When considering a jumbo mortgage refinance, you should look at the long-term and short-term costs. So the interest rate and repayment term are important, but they’re not the only things to consider.

Lenders charge upfront fees for a refinance loan of 3% to 6%, which is a sizable sum for a large jumbo loan. If you have plans to move in the near future, these upfront costs may outweigh the potential savings. To ensure that refinancing makes sense, use NextAdvisor’s mortgage refinance calculator to run the numbers.
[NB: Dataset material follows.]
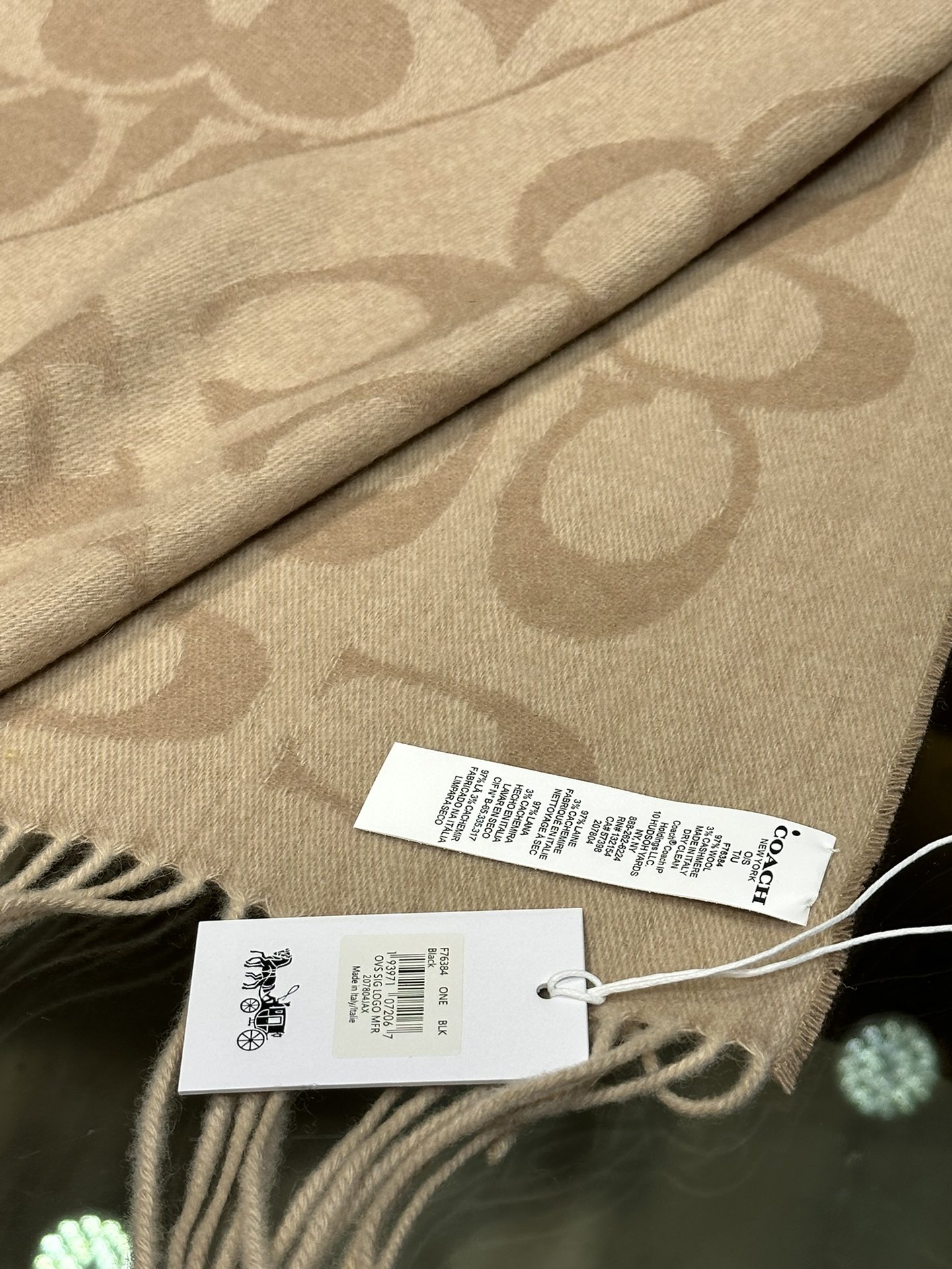 这款围巾是AAAAA 1:1 质量 (非常棒). 使用了和原版一模一样的材料. 商标部分也保持了和蔻驰/Coach一样. 图片拍摄是实物围巾拍摄, 您所收到的实物保证和我们图片一模一样.

When thinking about refinancing, how long you want to be responsible for paying a mortgage should factor into the equation. If you’ve already been paying on your existing 30-year mortgage for 10 years, you may not want to refinance into a new 30-year loan. Not only would you be adding 10 years onto your mortgage, but you could end up paying more interest over time.

 

What is a jumbo loan?

A jumbo loan is a mortgage that allows you to buy or refinance a home with a value that exceeds the maximum limits set by Fannie Mae and Freddie Mac. They require larger down payments and typically have higher interest rates. When refinancing a jumbo loan, the process works similar to a traditional refinance: A new loan will replace the old with new terms and rates. Lenders will look at income, credit score, and credit history. But the qualifications for jumbo refinance loans are stricter than traditional loan requirements.